In order to work with audio data we use [Librosa](https://librosa.org/doc/latest/index.html), a python
package used for audio and music analysis. It is a powerful package widely used for
audio visualization and for building MIR systems. We will be using the package for
loading and visualizing the audio data.

In [47]:
#initializing sample rate to 45600 we obtain the signal value array
librosa.load(audio,sr=45600)

In [48]:
#taking Short-time Fourier transform of the signal
y = librosa.stft(data)  
S_db = librosa.amplitude_to_db(np.abs(y), ref=np.max)

In [49]:
#playing audio file
import IPython
IPython.display.Audio(data,rate=sr)

It is important to note that while working with any kind of audio data to solve any kind of problem statement, using only .wav format audio files is appropriate to analyze the data. If you are given audio files with .mp3 format you have to batch convert the data to waveforms using online software as .wav is the standard way of representing the audio files and it is the only way to work with audio data.
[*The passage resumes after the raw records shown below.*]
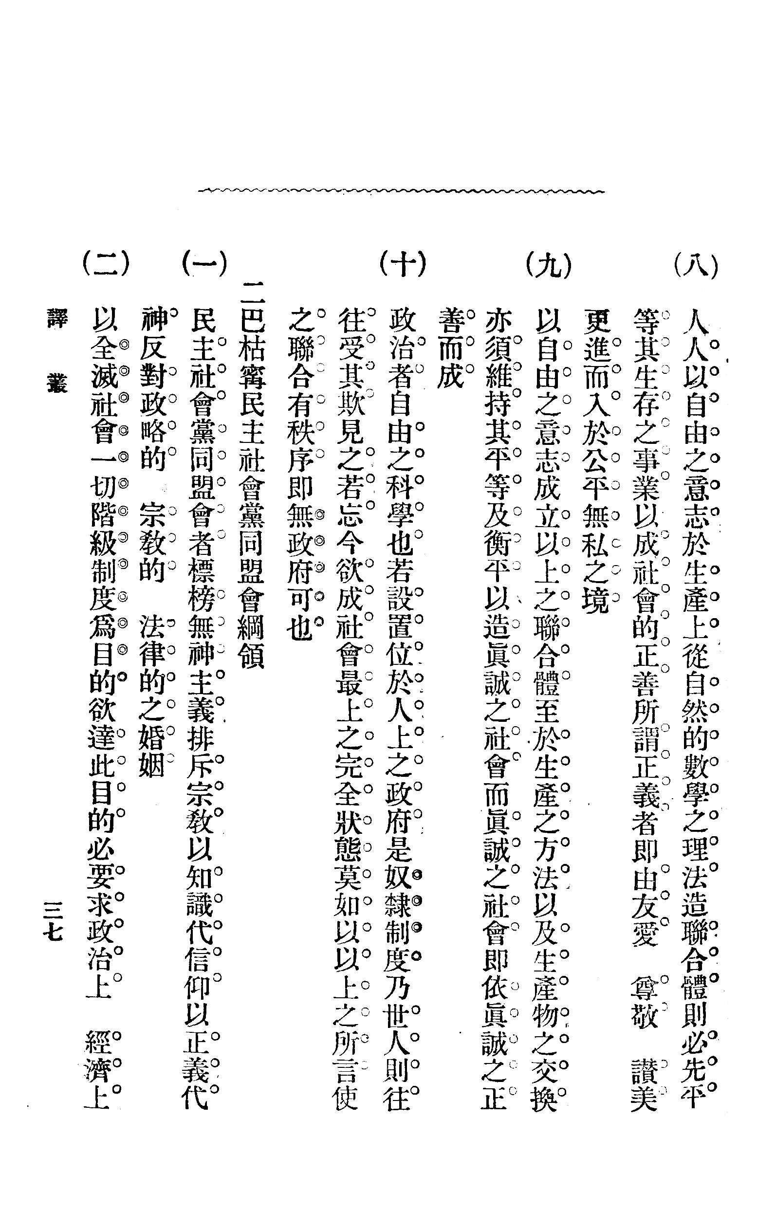 (九)以自由之意志,成立以上之联合体。至于生产之方法,以及生产物之交换,亦须维持其平等及衡平,以造真诚之社会。而真诚之社会,即依真诚之正善而成。
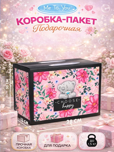 Коробка-пакет подарочный Me To You "Choose happy", размер 28 х 20 х 13 см, для девочек
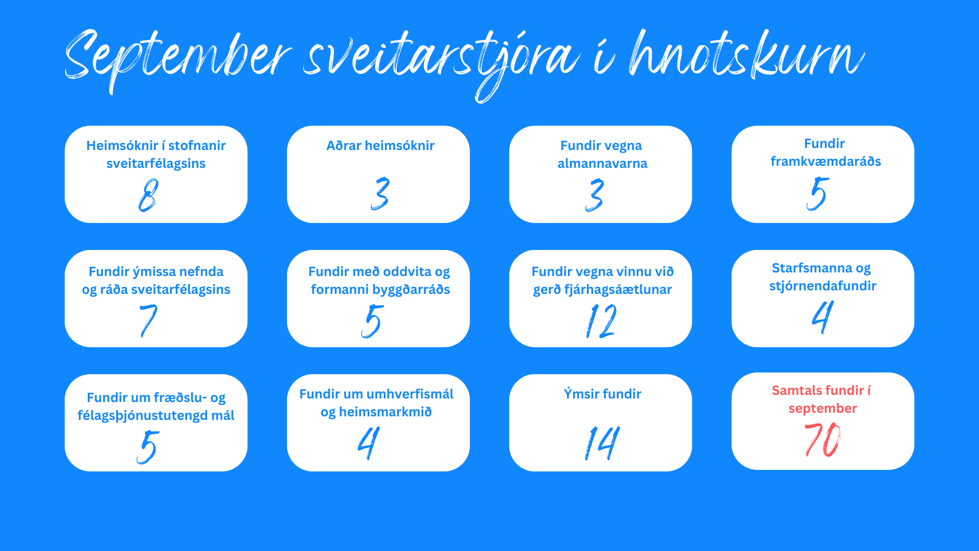 Til gamans fylgir hér smá samantekt yfir fundi septembermánaðar. Keppikeflið er alls ekki að halda sem flesta fundi. Þvert á móti ætti að reyna að fækka þeim eins og kostur er. Hins vegar er gagnlegt að taka upplýsingar sem þessar saman til að ná utan um í hvað tíminn er að fara. Vert er að taka fram að lengd þessara funda er afar mismunandi. Allt frá því að vera hálftími upp í tvo og hálfan dag. Einnig rata ekki inn á þessa samantekt ör fundir – eins og stutt spjall við starfsmenn eða gesti og gangandi.
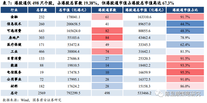 公募视角看港股通标的结构:进一步集中投资火力。纳入港股通需要符合以下两个要求之一:1)成为恒生综合指数成分股(包括恒生综合大型股指数成分股、恒生综合中型股指数成分股,同时深交所允许过去12个月平均月末流通市值不低于50亿港元的恒生综合小型股指数成分股纳入深港通);2)A+H股上市公司在联交所上市的H股。REITs、二次上市公司、外国公司、合订证券等虽可被纳入恒生综指标的,但仍未被许可纳入港股通。港股通标的大市值特征明显,且行业分布集中,进一步集中投资火力:1)港股通当前仅498只个股,仅占港股总数的19.38%,但市值占港股总市值高达67.3%,港股通标的大市值特征明显。2)从港股通市值的行业分布来看,主要集中在金融、信息技术、可选消费行业,三行业市值占全部港股通市值的62.43%。3)港股通前20大市值个股中,金融股与AH股占比高。
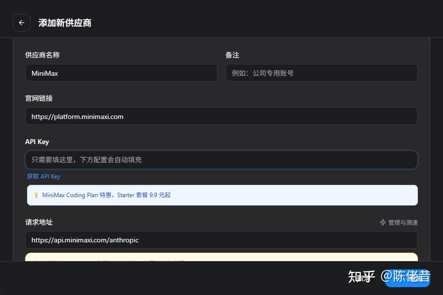 然后回到 CC Switch,粘贴到 API Key 输入框。
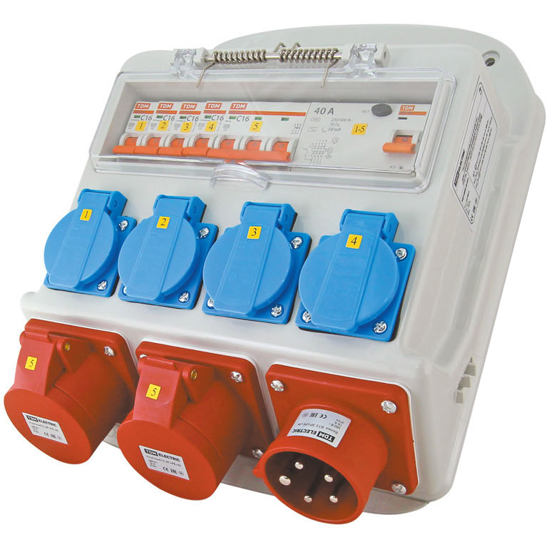 Выход: 4 розетки РП10-3 2P+PE 16 A 250 В~, 1 розетка 415 3P+PE+N 16 A 380 В~, 1 розетка 425 3P+PE+N 32 A 380 В~
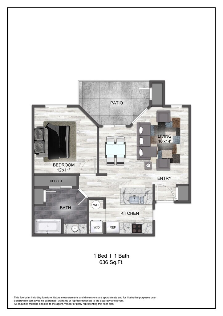 Unit: 366 - Floorplan 1 Apartment Unit: 169Apartment Model: A2$1,2441 Bedroom, 1 Bath, 636 sq ftAvailable NowFloor plans are artist's rendering. All dimensions are approximate. Actual product and specifications may vary in dimension or detail. Not all features are available in every rental home. Prices and availability are subject to change. Base rent is based on monthly frequency. Additional fees may apply, such as but not limited to package delivery, trash, water, amenities, etc. Deposits vary. Please see a representative for details.

Below is the wave form representation on the audio

In [50]:
#wave form of the audio
plt.figure(figsize=(7,4))
librosa.display.waveshow(data,color="#2B4F72", alpha = 0.5)
plt.show()

A spectrogram is a visual representation of the signal loudness of a signal over time at different frequencies included in a certain waveform. We can examine increase or decrease of energy over period of time. Spectrograms are also known as sonographs, voiceprints, and voicegrams.  We can also know how energy levels change over time period.

In [51]:
#spectrogram of the audio
stft=librosa.stft(data)
stft_db=librosa.amplitude_to_db(abs(stft))
plt.figure(figsize=(7,6))
librosa.display.specshow(stft_db,sr=sr,x_axis='time',y_axis='hz')
plt.colorbar()

## Data Pre Processing

In [52]:
spectral_rolloff=librosa.feature.spectral_rolloff(y=data,sr=sr)[0]
plt.figure(figsize=(7,6))
librosa.display.waveshow(data,sr=sr,alpha=0.4,color="#2B4F72")

In [53]:
import librosa.display as lplt
chroma = librosa.feature.chroma_stft(y=data,sr=sr)
plt.figure(figsize=(7,4))
lplt.specshow(chroma,sr=sr,x_axis="time",y_axis="chroma",cmap="BuPu")
plt.colorbar()
plt.title("Chroma Features")
plt.show()

In [54]:
start=1000
end=1200
plt.figure(figsize=(12,4))
plt.plot(data[start:end],color="#2B4F72")

In [55]:
#printing the number of times signal crosses the x-axis
zero_cross_rate=librosa.zero_crossings(data[start:end],pad=False)
print("The number of zero_crossings are :", sum(zero_cross_rate))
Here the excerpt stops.